REQUIREMENT: Pictures stay out. Extract the lines below from the first one through the line with "Новая Коробка для", both included.

Start of DATASET RECORDS

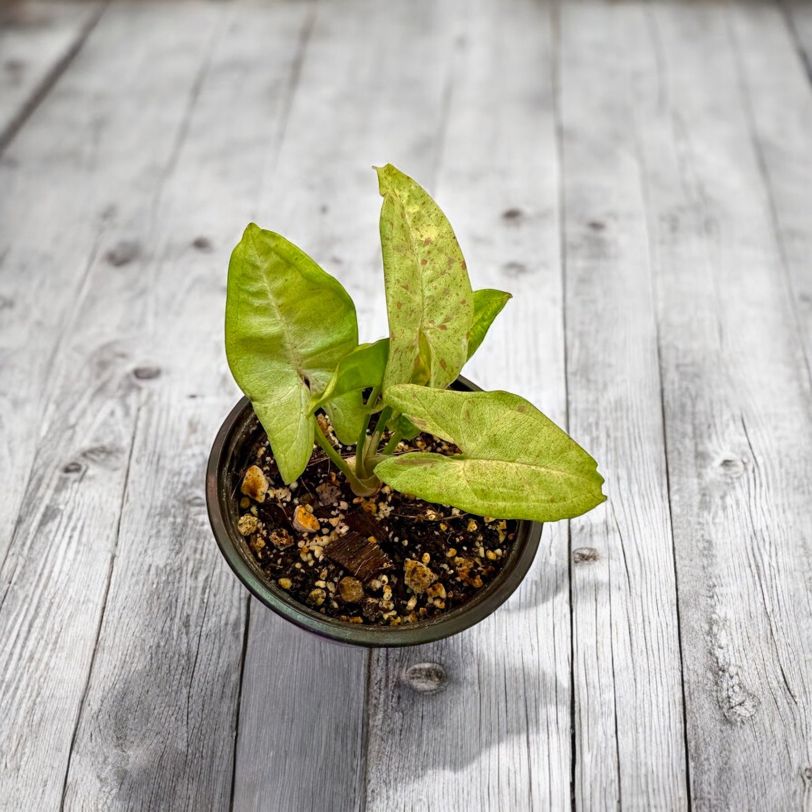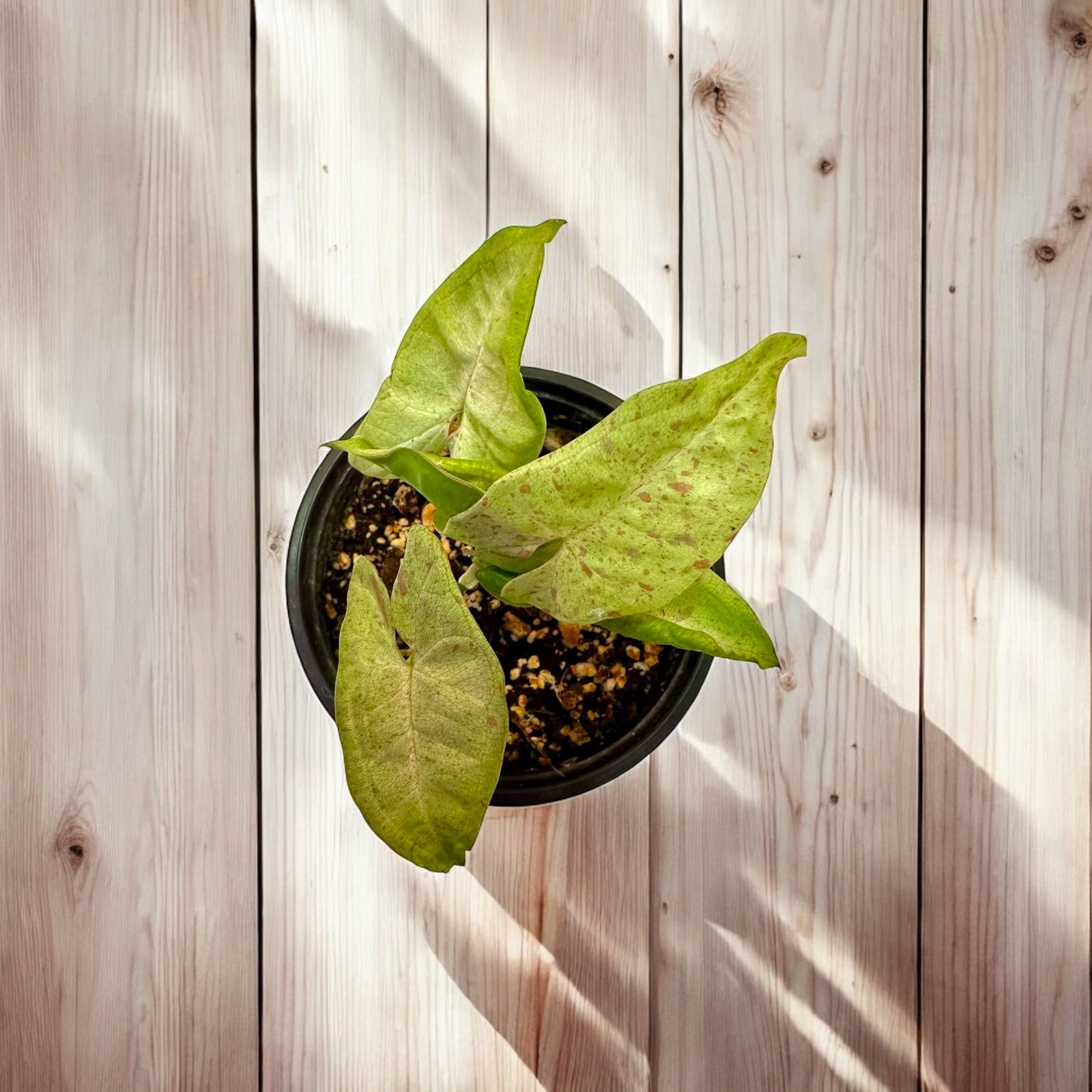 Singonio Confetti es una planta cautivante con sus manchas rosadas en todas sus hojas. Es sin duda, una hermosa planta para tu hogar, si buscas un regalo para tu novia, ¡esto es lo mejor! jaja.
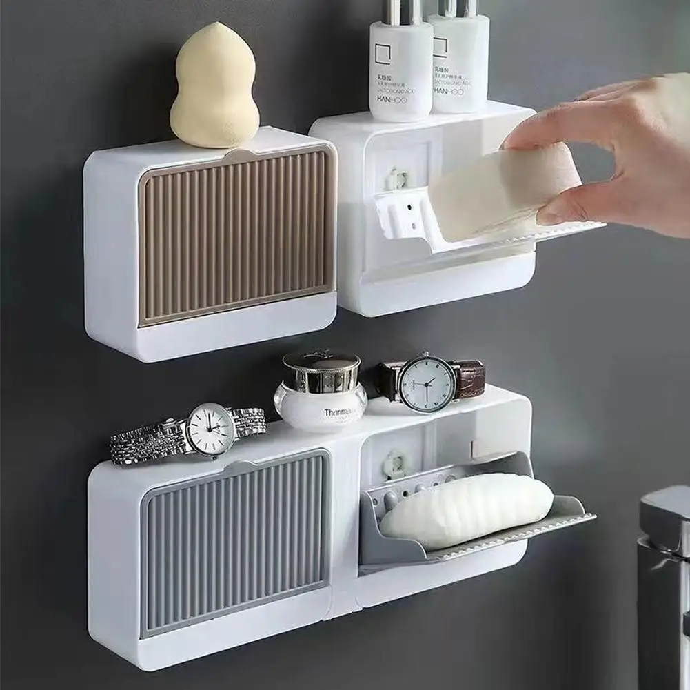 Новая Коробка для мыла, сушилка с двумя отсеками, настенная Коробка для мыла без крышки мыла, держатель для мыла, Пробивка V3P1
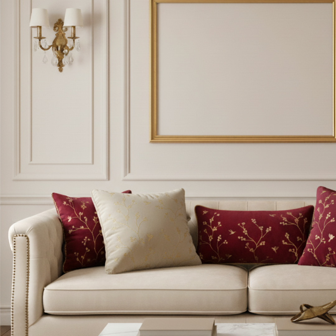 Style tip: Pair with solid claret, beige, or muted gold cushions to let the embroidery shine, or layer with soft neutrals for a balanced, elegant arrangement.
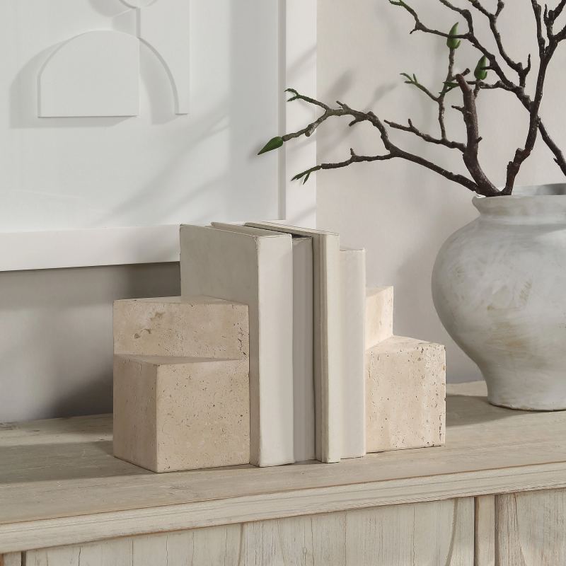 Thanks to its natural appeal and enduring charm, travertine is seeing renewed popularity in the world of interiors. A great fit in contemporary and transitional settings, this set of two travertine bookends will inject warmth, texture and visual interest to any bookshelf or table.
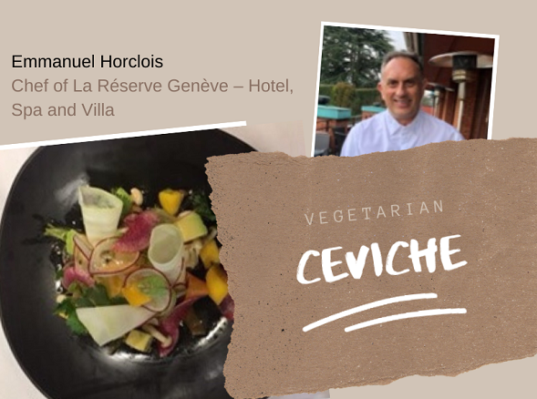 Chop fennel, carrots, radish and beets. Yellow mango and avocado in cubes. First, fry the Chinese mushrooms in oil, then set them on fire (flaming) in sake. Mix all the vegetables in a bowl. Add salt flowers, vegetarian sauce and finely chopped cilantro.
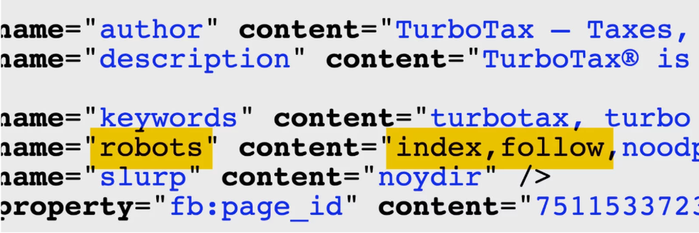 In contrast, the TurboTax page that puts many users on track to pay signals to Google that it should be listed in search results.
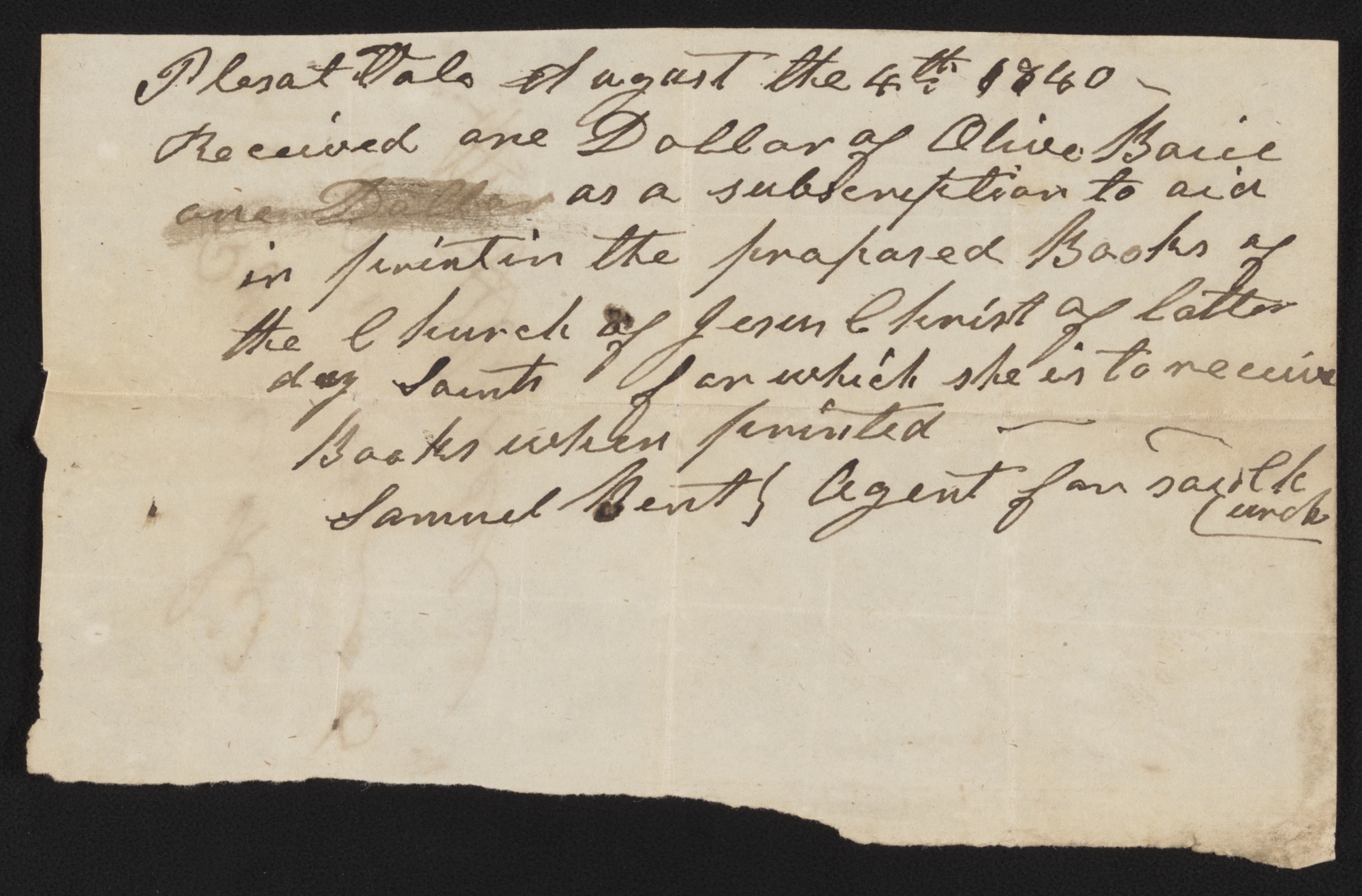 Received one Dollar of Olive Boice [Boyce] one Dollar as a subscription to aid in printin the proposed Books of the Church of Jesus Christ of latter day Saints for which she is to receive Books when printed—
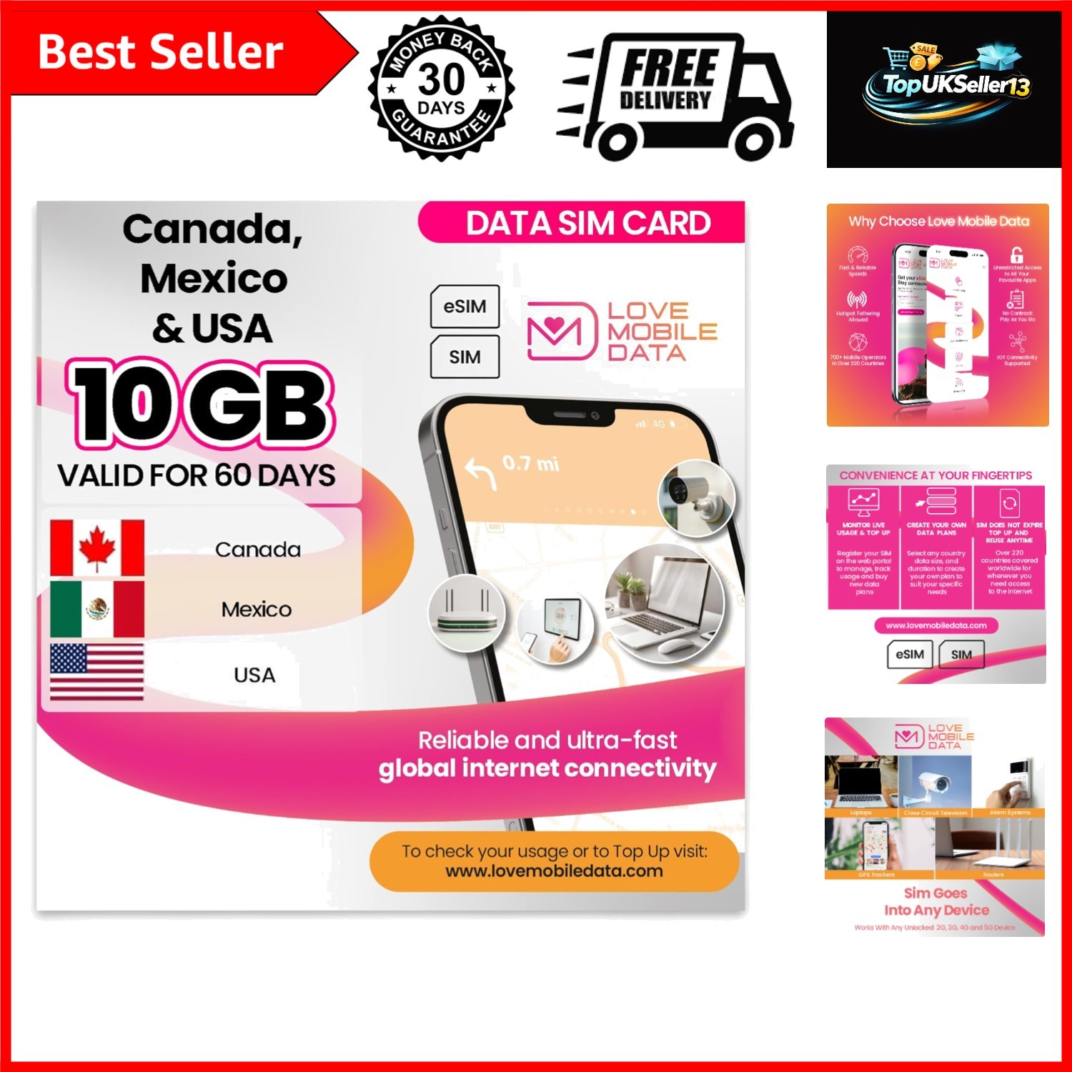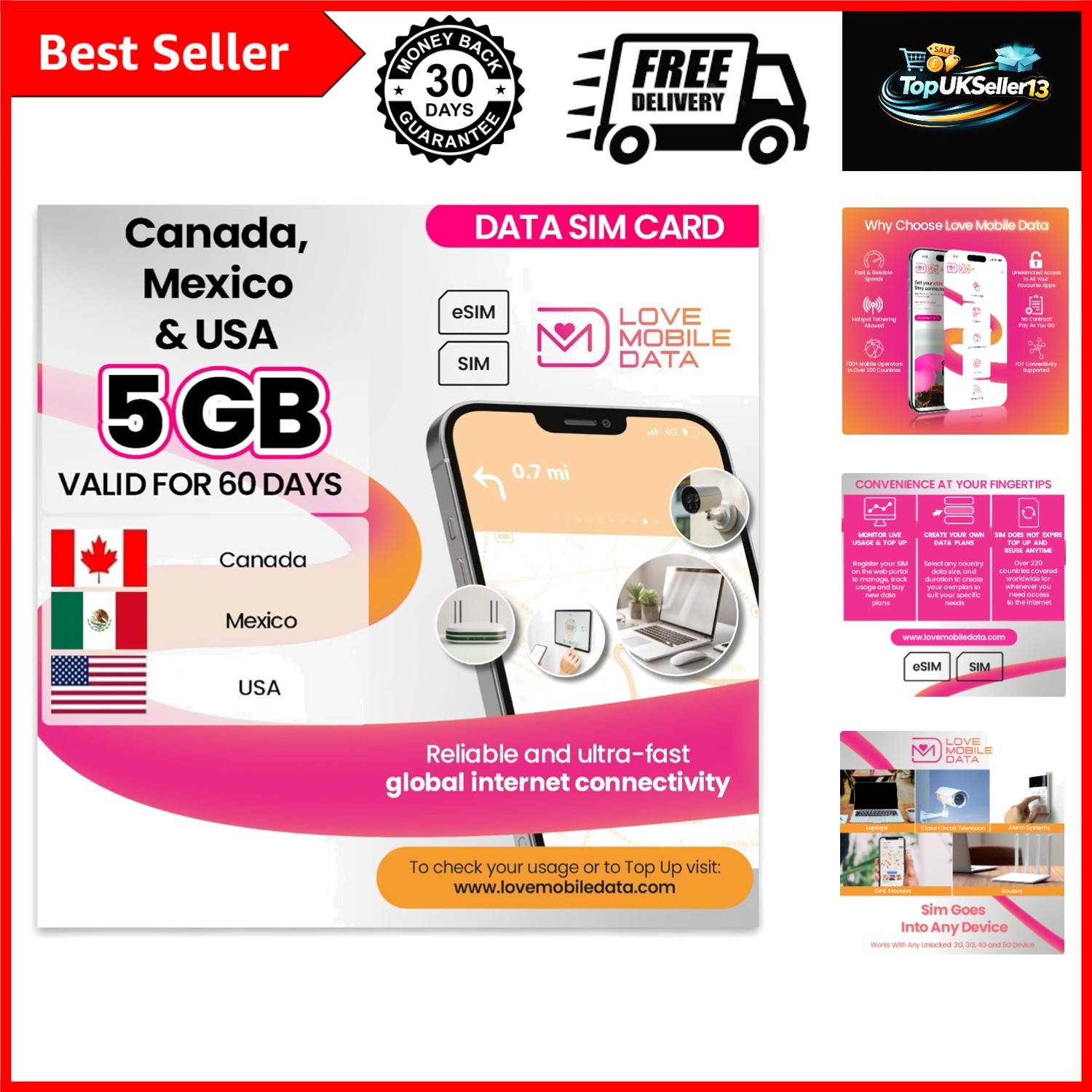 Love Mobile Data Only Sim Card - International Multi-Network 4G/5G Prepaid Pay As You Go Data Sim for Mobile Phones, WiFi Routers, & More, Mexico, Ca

End of DATASET RECORDS

OUTPUT BELOW:
 Singonio Confetti es una planta cautivante con sus manchas rosadas en todas sus hojas. Es sin duda, una hermosa planta para tu hogar, si buscas un regalo para tu novia, ¡esto es lo mejor! jaja.
 Новая Коробка для мыла, сушилка с двумя отсеками, настенная Коробка для мыла без крышки мыла, держатель для мыла, Пробивка V3P1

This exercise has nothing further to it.